* Your task *
Your reply should reproduce each line below exactly and carry none of the pictures.

* Given material *
Content starts

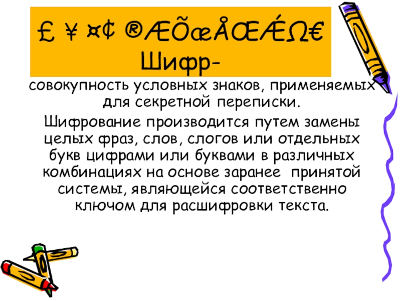 Слайд 3£ ¥ ¤¢ ®ÆÕæÅŒǼΩ€ Шифр-
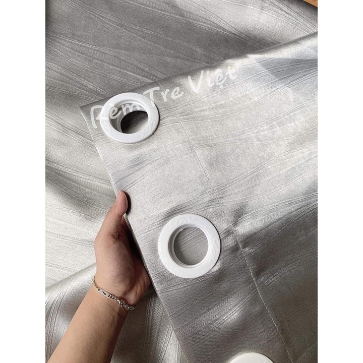 bên em có 2 loại may để phù hợp dành cho khách dùng ạ. 1 loại là khoen lỗ sẵn ạ về chỉ việc luồn thanh qua vải là treo được thôi ạ, còn loại kia là e máy móc nhựa sẵn ạ về chỉ việc treo vào dây hoặc thanh inox tiện cho những khách hàng dùng bình dân và dùng tạm ạ.
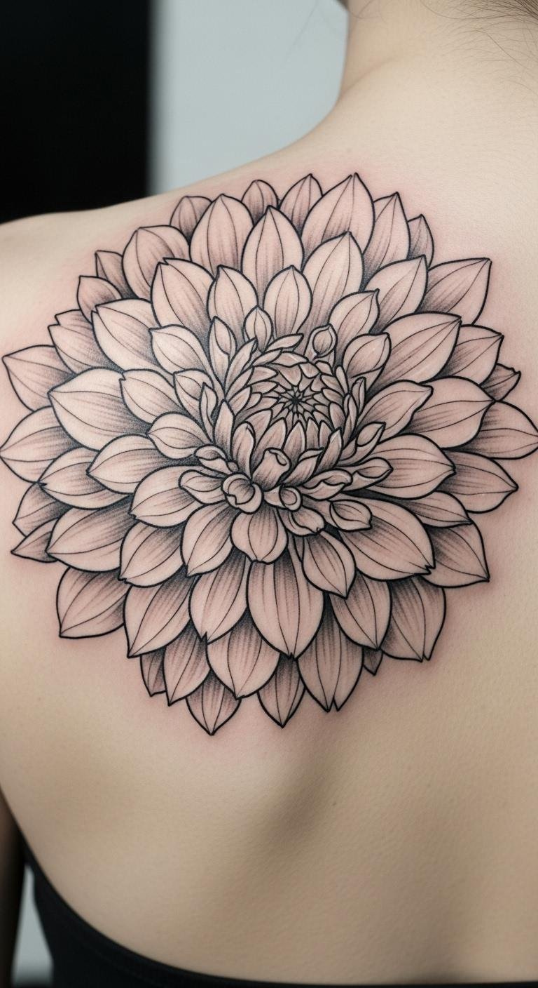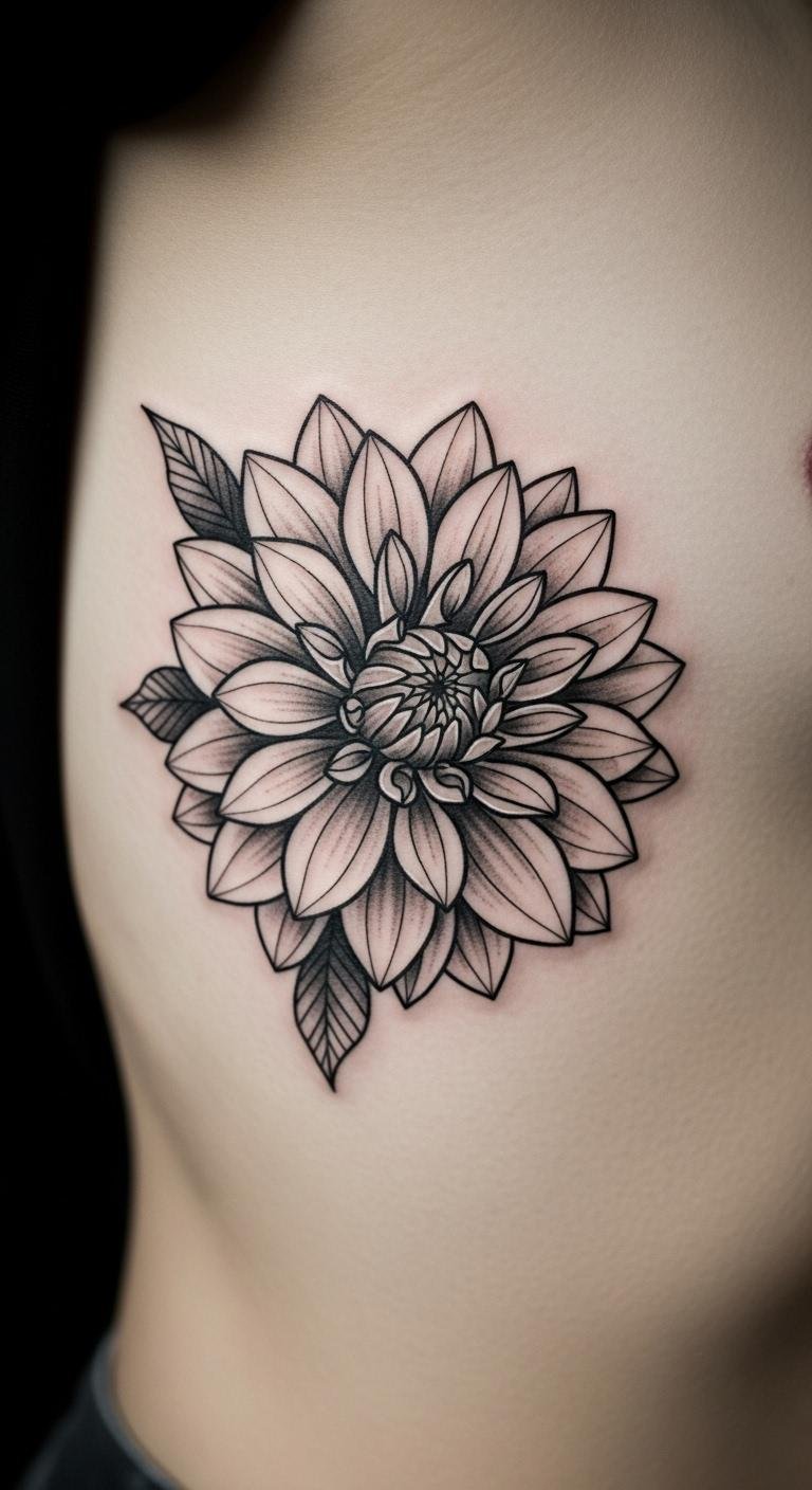 A classic dahlia tattoo keeps things simple yet striking. Think of a large flower with bold lines and shading. This design works for anyone wanting a nod to tradition. Start by sketching ideas on paper with a basic pen. It costs less than $100 for a small one from a local artist. Look for affordable studios online. Pair it with other elements like leaves for added flair. Keep your skin moisturized after. This style suits any spot, like your wrist. Go for black ink to save on color fees. Try drawing it yourself first to tweak details. You’ll feel confident picking the final version.

Content ends

* Answer to the problem *
 Слайд 3£ ¥ ¤¢ ®ÆÕæÅŒǼΩ€ Шифр-
 bên em có 2 loại may để phù hợp dành cho khách dùng ạ. 1 loại là khoen lỗ sẵn ạ về chỉ việc luồn thanh qua vải là treo được thôi ạ, còn loại kia là e máy móc nhựa sẵn ạ về chỉ việc treo vào dây hoặc thanh inox tiện cho những khách hàng dùng bình dân và dùng tạm ạ.
 A classic dahlia tattoo keeps things simple yet striking. Think of a large flower with bold lines and shading. This design works for anyone wanting a nod to tradition. Start by sketching ideas on paper with a basic pen. It costs less than $100 for a small one from a local artist. Look for affordable studios online. Pair it with other elements like leaves for added flair. Keep your skin moisturized after. This style suits any spot, like your wrist. Go for black ink to save on color fees. Try drawing it yourself first to tweak details. You’ll feel confident picking the final version.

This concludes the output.